William Whitty Hall (October 15, 1810 - May 10, 1876) was an American medical doctor, writer and pioneer editor of health magazines.

==Biography==

Hall was born in Paris, Kentucky. He graduated from Centre College in 1830 and studied both medicine and theology. He received his M.D. from Transylvania College in 1836. He was ordained to the Presbyterian ministry and was a missionary in Texas. He practiced medicine in New Orleans and Cincinnati and established his consultation practice in New York City in 1851.

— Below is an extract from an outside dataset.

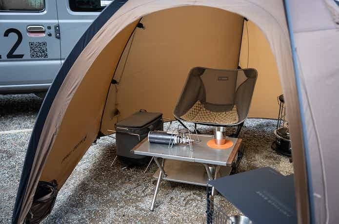 設営時のサイズは長さ260×幅260×高さ135cmで、外からだと一見狭そうですが、中に入ってみるとヘリノックス「チェアワン」に座っても広々しています。

In 1854, he began to publish Hall's Journal of Health. After his death the journal was absorbed by Popular Science. From 1875, he edited Hall's Medical Adviser. Hall married twice. His first wife was Hannah Mattock and his second was Magdalen Matilda Robertson.

Anthropologist Matthew Wolf-Meyer has described Hall as a forgotten researcher in the field of sleep science.

==Death==

It was reported that Hall never weighed more than 125 pounds and he worked from 5 am to 10 pm every day.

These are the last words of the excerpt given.